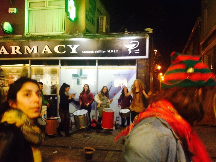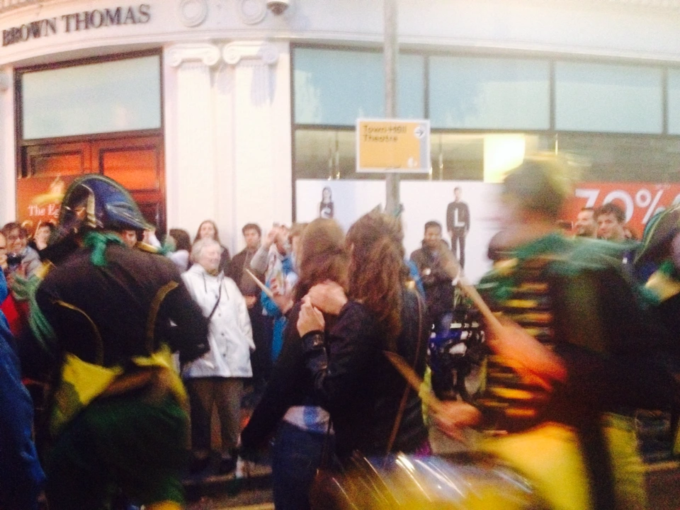 둘째날 큰 기대를 안고 간 모노연극 <Match Box>는 작품성으로는 의심할 여지 없이 훌륭했으나, 2시간 가까이 쉬지 않고 이어지는 여배우의 독백을 따라가는 것이 아직도 내 영어실력으로는 쉽지 않다는 아픈 깨달음과 함께 절반의 아쉬움으로 남았다. 언제쯤 내가 좋아하는 연극과 영화를 한국말처럼 이해하며 볼 수 있게 될런지. 속상한 마음에 숙소에 돌아와 일찍 자려고 침대에 누웠는데, 창밖에서 들려오는 오페라 사운드와 사람들의 웅성거림이 심상치 않았다. 앗, 밤 10시부터 시작한다는 <The Giant Divas>의 퍼레이드가 지나가고 있는 게 분명했다. 그래, 그래도 골웨이 여행의 마지막 밤인데 지금 잠들긴 아깝지! 벌떡 침대에서 일어나 다시 옷을 주섬주섬 걸쳐 입고 거리로 나갔다. 퍼레이드는 바로 내 호스텔과 맞닿은 거리를 지나고 있었다. 거대한 드레스를 입고 광대처럼 흰 마스크 분장을 한 배우들이 부르는 오페라곡의 멜로디가 차가운 밤공기를 뚫고 골웨이 타운 골목골목에 울려 퍼졌다. 퍼레이드가 지나간 자리에는 다양한 거리뮤지션들이 저마다의 음악으로 축제의 열기를 이어나갔다. 젊은 히피들 네다섯 명이 북을 치며 탭댄스를 추기 시작하자 사람들도 하나 둘 리듬에 맞춰 몸을 흔들기 시작했고 어느새 거리 전체가 댄스장이 되었다. 다시 빗방울이 떨어지기 시작했지만, 자유로운 영혼들의 춤의 향연은 끝날 줄을 몰랐다.
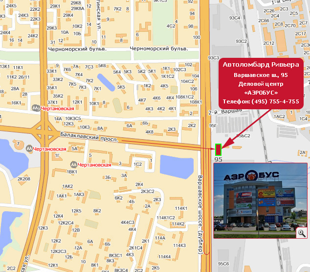 Автоломбард Ривьера. Адрес: г. Москва, Варшавское ш., д.95, к. 1 (ЮАО) , ТОЦ "АЭРОБУС", офис 449. Схема проезда
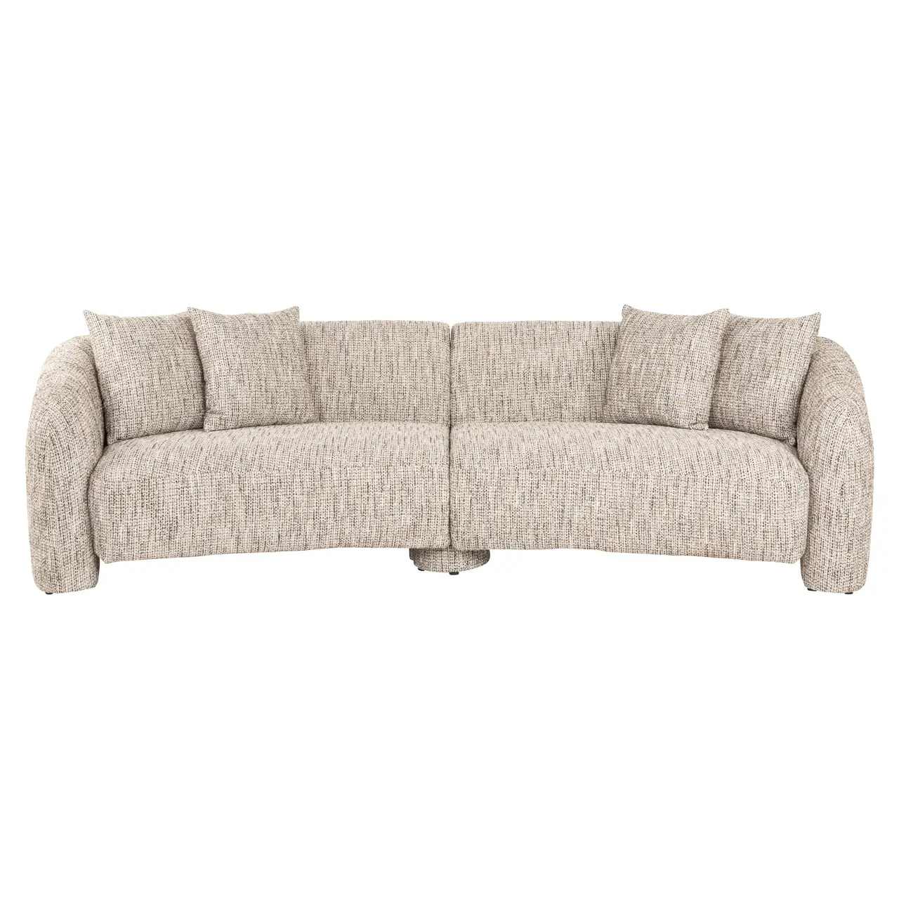 De bank Milania in trendy nature combineert modern design met comfort in een uniek, afgerond ontwerp. De zachte, geweven bekleding in de subtiele trendy nature-kleur geeft de bank een verfijnde en uitnodigende uitstraling. De ruime zitting biedt voldoende ruimte voor ontspanning, terwijl de afgeronde vormen en stevige, speelse poten de bank een opvallend karakter geven. Milania is perfect voor wie op zoek is naar een statementstuk dat moeiteloos past in zowel moderne als minimalistische interieurs. Deze bank brengt een vleugje eigentijdse luxe in elke ruimte, met een harmonieuze mix van stijl en functionaliteit.
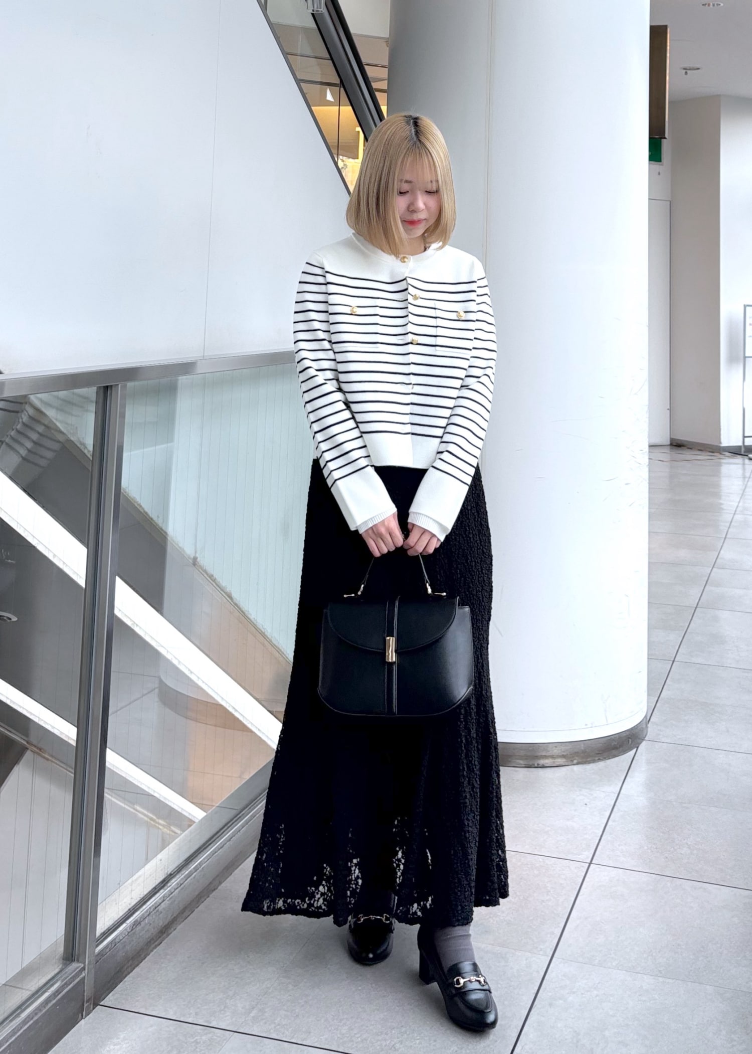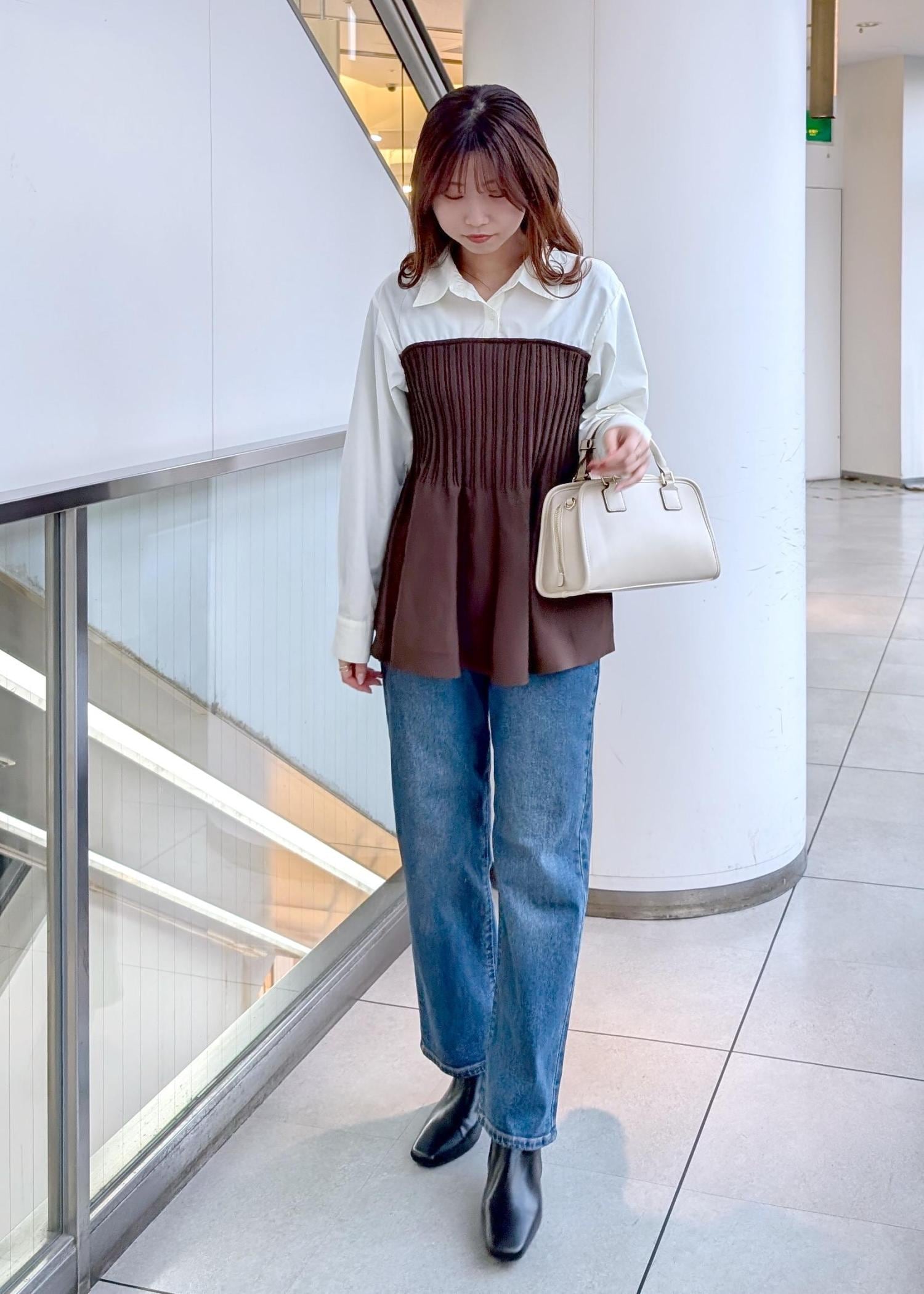ふわふわのショート丈カーディガンとマーメイドスカートを合わせた少しフェミニンな印象のお出掛けスタイルにしました。カーディガンは腰位置くらいの短め丈で、インナーにシャツや薄手のニットを入れると冬まで使っていただけます。

## [YOUR TASK]
Leave out every picture and copy verbatim the lines running from the line containing "Автоломбард Ривьера. Адрес: г." through the final line of the data.

## [ANSWER FOR THE TASK]
 Автоломбард Ривьера. Адрес: г. Москва, Варшавское ш., д.95, к. 1 (ЮАО) , ТОЦ "АЭРОБУС", офис 449. Схема проезда
 De bank Milania in trendy nature combineert modern design met comfort in een uniek, afgerond ontwerp. De zachte, geweven bekleding in de subtiele trendy nature-kleur geeft de bank een verfijnde en uitnodigende uitstraling. De ruime zitting biedt voldoende ruimte voor ontspanning, terwijl de afgeronde vormen en stevige, speelse poten de bank een opvallend karakter geven. Milania is perfect voor wie op zoek is naar een statementstuk dat moeiteloos past in zowel moderne als minimalistische interieurs. Deze bank brengt een vleugje eigentijdse luxe in elke ruimte, met een harmonieuze mix van stijl en functionaliteit.
ふわふわのショート丈カーディガンとマーメイドスカートを合わせた少しフェミニンな印象のお出掛けスタイルにしました。カーディガンは腰位置くらいの短め丈で、インナーにシャツや薄手のニットを入れると冬まで使っていただけます。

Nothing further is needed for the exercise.